Privacy Policy
Effective date: 31 March 2026
1. Introduction and Data Controller
This Privacy Policy explains how Smart Media Projects (“we”, “us”, “Timply”) collects, uses, and protects your personal data when you use timply.io.
Data Controller
Smart Media Projects
Amsterdam, Netherlands
KVK: 70766088
BTW: NL002431036B69
Contact: support@timply.io
2. What Data We Collect
We collect the following categories of personal data:
- Account data: email address, first name, last name, and a securely hashed password.
- Billing data: Stripe customer ID, subscription tier, and billing interval. We never store your credit card number — Stripe handles all card data directly.
- Template content: HTML and text templates you create or import into Timply.
- Brand data: brand name, website URL, and extracted colours, fonts, and voice attributes.
- Usage data: feature usage, access timestamps, and IP addresses (for security purposes).
- Device data: browser type and operating system, from standard HTTP headers.
3. How We Use Your Data
We process your personal data for the following purposes, each with a specific legal basis under the GDPR:
| Purpose | Legal basis |
|---|---|
| Provide the service (account, templates, library) | Art. 6(1)(b) — contract performance |
| Process payments via Stripe | Art. 6(1)(b) — contract performance |
| AI-assisted template editing and brand analysis | Art. 6(1)(b) — contract performance |
| Send transactional emails (password reset, verification) | Art. 6(1)(b) — contract performance |
| Security and fraud prevention | Art. 6(1)(f) — legitimate interest |
4. AI Processing Disclosure
Timply uses AI to help you edit templates and analyse your brand. Here is how that works:
- When you use AI editing features, your template content is sent to the Google Gemini API for processing.
- During onboarding, your brand information (website URL, brand name) is sent to Google Gemini for brand analysis.
- Google acts as a data processor under our Data Processing Agreement.
- AI outputs are clearly presented as AI-assisted — you always review and approve changes before they are applied.

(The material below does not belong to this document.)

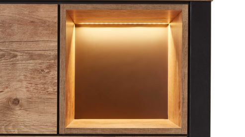 mit einer Klapptür und einem Glasboden, zwei offenen Fächern mit LED-Beleuchtung, zwei Holztüren mit jeweils einem Holzboden und einer Schublade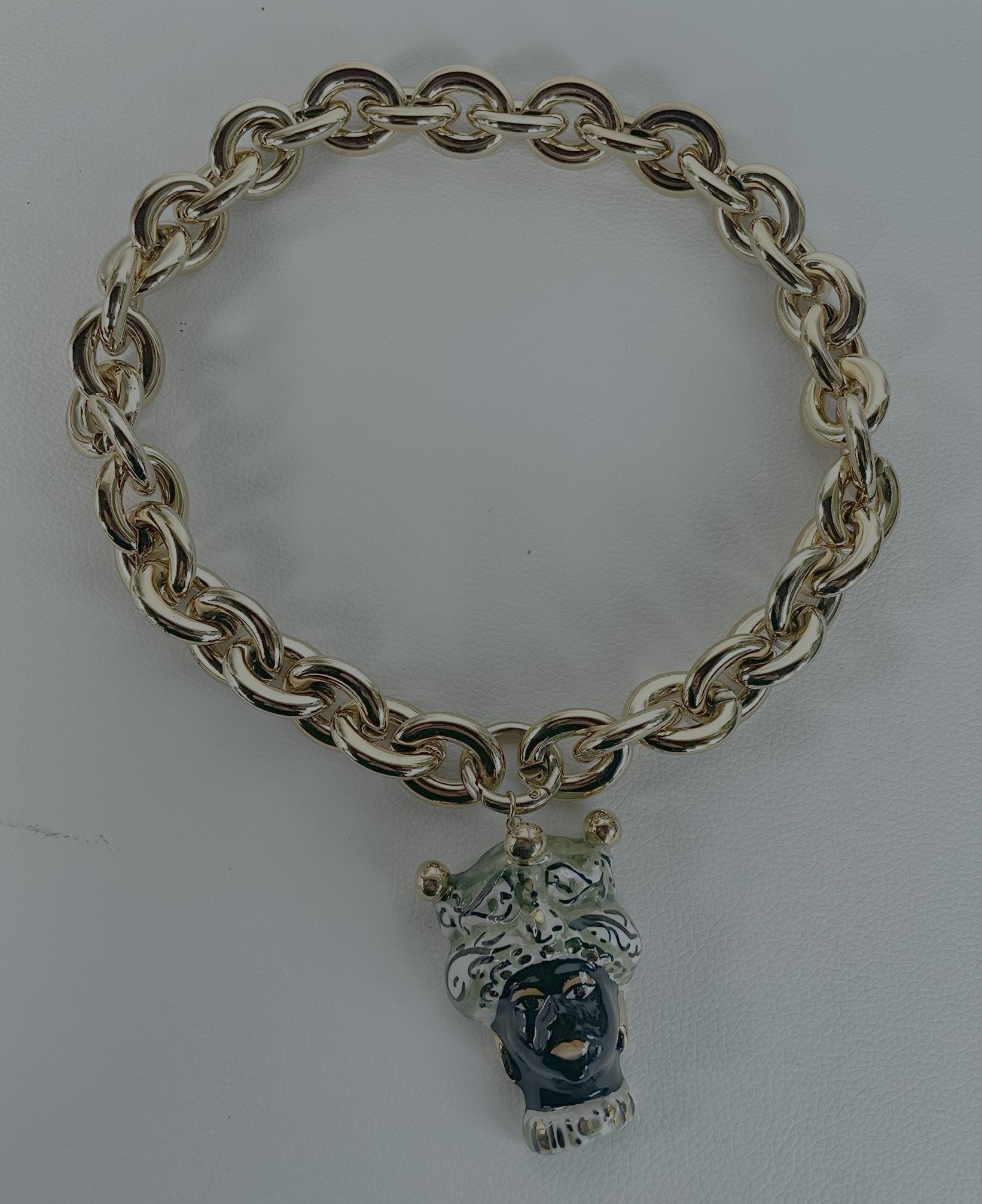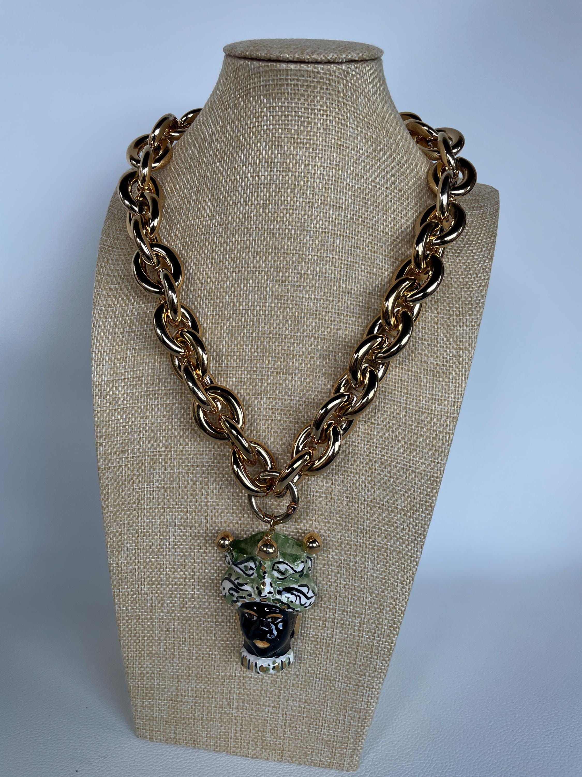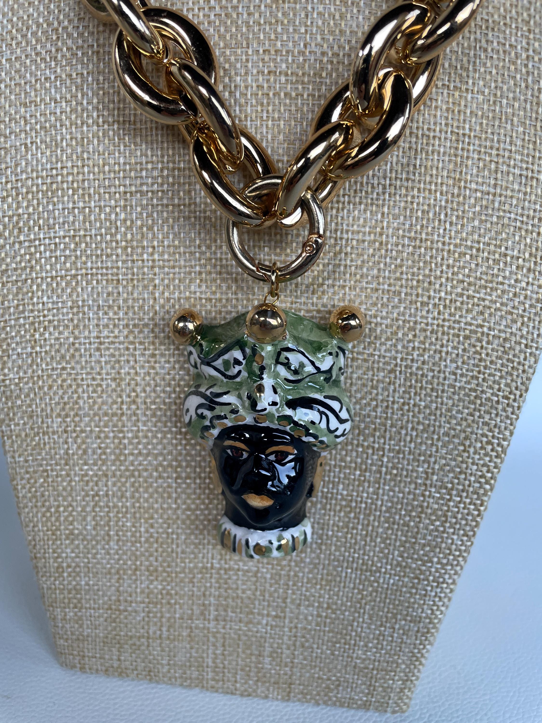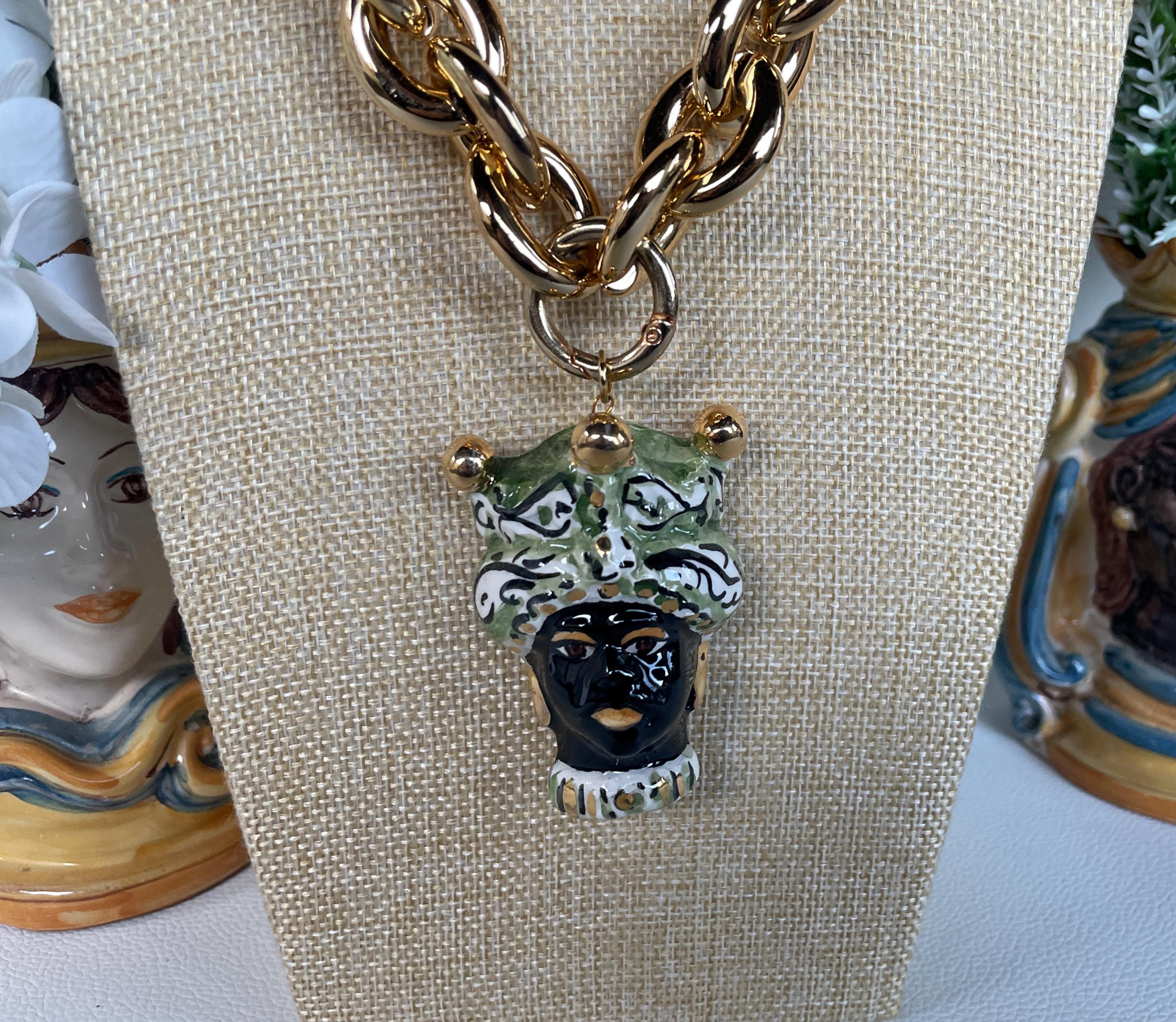 Per chi non vuole passare inosservata è la collana perfetta realizzata con una catena a maglie grosse di alluminio anallergico colore oro e uno splendido ciondolo di ceramica di Caltagirone, dipinto a mano, raffigurante una testa di moro.

- We do not use your content to train AI models.
5. Third-Party Processors
We share your data with the following service providers, each acting as a data processor on our behalf:
| Processor | Purpose | Data shared |
|---|---|---|
| Google (Gemini API) | AI template editing and brand analysis | Template content, brand info |
| Stripe | Payment processing | Name, email, subscription metadata |
| SendGrid | Transactional email | Email address, name |
| Hetzner | Hosting (backend and database) | All application data |
| Cloudflare | CDN, DNS, and R2 object storage | Static assets, media uploads |
| Vercel | Frontend hosting | No personal data (static assets only) |
6. International Data Transfers
Some of our processors are based outside the EU:
- Google (US) and Stripe (US): transfers are protected by EU Standard Contractual Clauses (SCCs) and supplementary measures.
- SendGrid (US): transfers under SCCs.
- Hetzner: EU-based — no international transfer.
- Cloudflare: SCCs in place for any data processed outside the EU.
- Vercel: SCCs in place. No personal data is processed.
7. Data Retention
- Account data and template content: retained while your account is active. Deleted within 30 days of account deletion.
- Billing records: retained for 7 years as required by Dutch tax law (fiscale bewaarplicht).
- Security logs: retained for 90 days.
8. Your Rights
Under the GDPR, you have the following rights regarding your data:
- Access (Art. 15): request a copy of your personal data.
- Rectification (Art. 16): correct inaccurate data.
- Erasure (Art. 17): request deletion of your data.
- Restriction (Art. 18): limit how we process your data.
- Portability (Art. 20): receive your data in a structured, machine-readable format.
- Object (Art. 21): object to processing based on legitimate interest.
To exercise any of these rights, email us at support@timply.io. We will respond within 30 days.
9. Cookies and Local Storage
Timply uses localStorage to store your authentication token. This is strictly necessary for the service to function and does not require consent under the ePrivacy Directive (Telecommunicatiewet).
We do not use third-party tracking cookies, analytics cookies, or advertising cookies. No cookie consent banner is needed.
10. Children
Timply is not directed at individuals under the age of 16. We do not knowingly collect personal data from minors.
11. Changes to This Policy
We may update this Privacy Policy from time to time. If we make material changes, we will notify registered users by email. Continued use of the service after 30 days constitutes acceptance of the updated policy.
12. Complaints
If you have a concern about how we handle your data, please contact us first at support@timply.io.
You also have the right to lodge a complaint with the Dutch Data Protection Authority (Autoriteit Persoonsgegevens) at autoriteitpersoonsgegevens.nl.